In the weeks and months that followed, Joyce, who seemed to know more than she should, would say to me in hushed tones, ‘Princess Grace of Monaco, this afternoon at four.’ I’d make sure that was the time for the day’s tea run and stand waiting with Joyce, and there she was, spot on four, Grace Kelly being escorted to a studio. ‘Enter,’ read the green sign, and in she went, graceful and beautiful, to be swallowed up by the black double doors.
‘’Ello, lovey. Margaret Thatcher, in at ten.’
‘The Police … here at five.’
Indira Gandhi, Muhammed Ali, David Bowie … and so it went. Joyce and I stood and watched as the VIPs of the world walked by and the office teas went cold.
It was fun to watch the massive stars drift by, but much more appealing to me was the daily arrival of the DJs, off to do their shows, from Jimmy Young to Peter Powell. I was on nodding terms with them all. Me, the radio anorak from Sport and OBs.
But it wasn’t enough! I needed to get through those doors. Access came in the form of a memo that I had to type and put in the internal post every Friday to the ‘TOM’. It was the weekly schedule of OB activities. For weeks, I typed it up and posted it without question until, one day, I asked John who TOM was. He didn’t look up from his work.
‘Technical Operations Manager.’
‘Ah, right, where is he?’
‘In the control room.’
Holy shit!! Access! The address on the envelope was just an office number, with no indication that this piece of paper was a passport to ‘enter’.
‘I may as well deliver it, rather than post it.’
‘Why?’
‘Seems silly to post it if I can drop it off when I get the tea.’
‘Please yourself.’
Friday took ages to come round. I typed the memo with trembling hands, I was so excited at what was to come. My legs were shaky as I walked to the top of the stairs, my heart pounded as I pressed the button … I waited … enter.

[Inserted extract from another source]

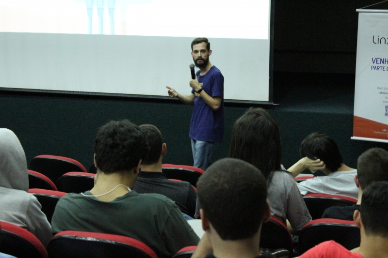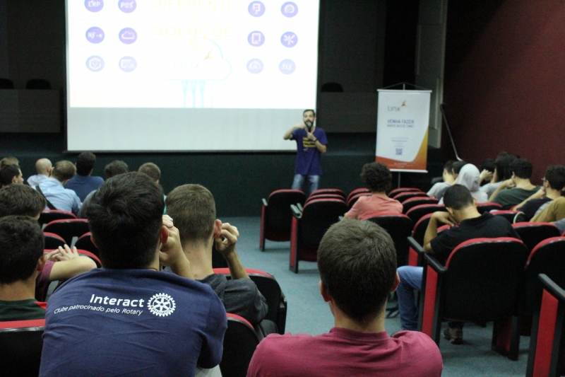 Acadêmicos dos cursos de Sistemas de Informação e Engenharia de Software participaram de uma palestra com representantes da Linx Software. Lilian Perez e Mauricio mostram aos alunos as diferentes atividades realizadas dentro da empresa. O encontro faz parte de um ciclo de palestras que está sendo realizado durante o semestre com as principais empresas de desenvolvimento de software de Cascavel. A atividade está sendo organizada pelo professor Thyago Alexander, na disciplina de Introdução a Engenharia de Software. O acadêmico de Engenharia de Software, Jeferson Eduardo Guido, participou de todas palestras e relata sobre o contato com profissionais de outras empresas. "Estou gostando muito desses encontros. É muito importante ter esse contato, principalmente pra quem da turma ainda não teve com empresas de software", conta.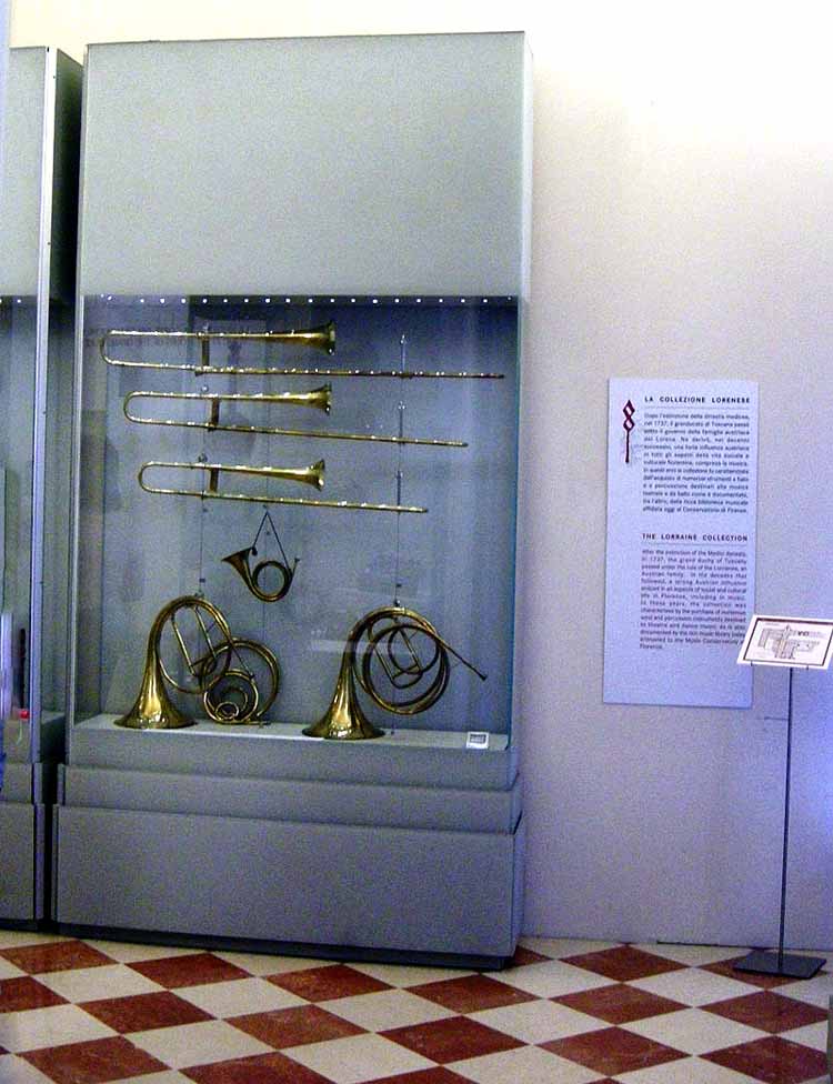 Sono esposti una cinquantina di strumenti musicali provenienti in larga parte dalle collezioni dei Medici e dei Lorena, formatesi in epoca Granducale (in particolare tra la seconda metà del secolo XVII e la prima metà del XIX secolo).

Literally, excitement off the scale. I walked down the steps and in through the doors. I’m not sure if anyone has ever delivered a sheet of paper as slowly as I did. On that day, and every Friday afterwards, I walked like a tortoise. It was the bridge of the Enterprise on speed. There were screens, monitors, buttons and dials by the thousand, links to every corner of the globe. My eager eyes drank it all in. I could see the corridor to the studios, but that was for another day, as my brief access didn’t allow that. I put the schedule on the desk of the TOM, and he said thanks but didn’t look up. I walked very slowly back through the nerve centre, heard the doors click behind me, and that was it for another week. Except one week, it wasn’t. A bout of flu (for someone else) was the fledgling beginning of a life-altering friendship.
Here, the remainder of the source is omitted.